EYA, the developer selected for the project by AAFMAA, prioritized preserving the 5.18-acre site’s historic elements, unique architectural features and views from Old Reston Avenue when crafting a design for the potential “boutique townhome community,” the application says.
“Together, these goals are intended to create a connection between the history of the Property and its future, and achieve a harmonious landscape for the Old Reston Avenue corridor,” land use attorney Andrew Painter wrote in a June 23 statement of justification.
The Fairfax County Planning Commission previously approved a plan in 2019 to redevelop the property with two brand-new, 50-foot-tall office buildings that AAFMAA envisioned turning into a future headquarters campus. The nonprofit’s base is currently at Fort Myers in Arlington.

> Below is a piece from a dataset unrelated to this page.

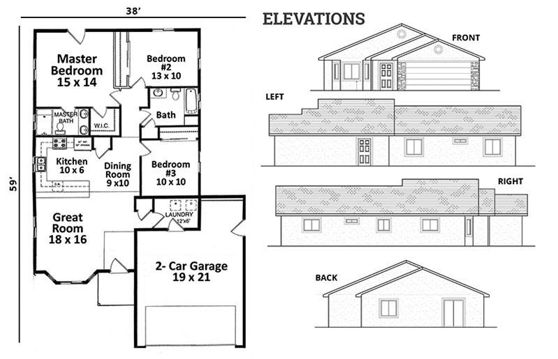 The Castello floor plan boasts great vaulted ceilings with 1277 sq. ft. living space! The large bedrooms are located away from the main living area to ensure privacy and relaxation time. The master bedroom offers a great walk-in closet and private bathroom with access to the outside patio. The open-concept floor plan between the kitchen, dining room and living offers plenty of natural flow through the house. With bar height counter tops there is plenty of room and options for having meals. This plan offers an oversized 2 car garage with extra storage for your needs.

Through a subsidiary named AP Reston Campus LLC, the association acquired the site for $16 million in 2009 and has been using the existing office buildings as administrative facilities since 2010, while leasing some space to other tenants.
Constructed in 1986, the office buildings would be too costly to renovate, AAFMAA contended when pursuing its headquarters project, anticipating a greater “return on investment” from a full rebuild and modernization.
That proposal included a commitment to preserve the Bowman House, which was originally built in 1899 and served as the family home of Fairfax Hunt Club founder and distillery owner A. Smith Bowman. Named Sunset Hills, the three-story manor is designated as a historic site by Fairfax County, but its interior was converted to office space in the 1980s.
Since the headquarters plan received the county’s approval, AAFMAA’s needs for office space “have substantially decreased,” rendering the project “infeasible,” Painter said in the new application.

As reported by the Washington Business Journal, an initial pitch outlining plans to pursue a townhouse development instead was reviewed by the Fairfax County Architectural Review Board in February.
Noting the property’s proximity to the former Fannie Mae campus on American Dream Way, where townhouses are now under construction, the rezoning application depicts four-story townhouses that will be around 55 feet tall with a minimum of three bedrooms each.
Most units will feature rear-loading garages, but 15 will have front-loading garages. Seven three-bedroom units will be reserved as affordable dwelling units (ADUs), though the planned income range isn’t specified.
“Many of the units will offer elevators to improve accessibility,” the application said. “The project would accommodate people of all ages, physical abilities, economic circumstances, and households of all sizes and stages of family life.”
The planned development will incorporate two publicly accessible urban parks that can be reached from Old Reston Avenue via a new, ADA-compliant sidewalk through an existing wall along the roadway, Painter wrote:
The first urban park, located along Old Reston Avenue and west of the Bowman House, is envisioned as a flexible open space, offering shaded lawn area under large, mature trees that are being preserved in the redevelopment. This area is suitable for free play and picnics. The second urban park, located west of the Bowman House, is designed as a garden with seating areas, intended to evoke the character of the gardens that historically existed on the Property in approximately the same location.
EYA has proposed adding crosswalks on Old Reston Avenue at its intersections with a private drive through the new community. The developer will also “promote cycling access” with secure on-site bicycle racks and a “sharrow” on Old Reston Avenue, the application says.
AAFMAA’s proposed redevelopment, which hasn’t been officially accepted for review by Fairfax County staff yet, isn’t the first attempt to bring new housing to the Bowman House site.
The county’s Board of Supervisors approved an application from the previous owner in 2006 that would’ve allowed 60 multifamily residential units and the conversion of the Bowman House into a six-room hotel. However, the “Boxwoods” project, as it was known, never came to fruition, with the developer instead selling the property to AAFMAA a few years later.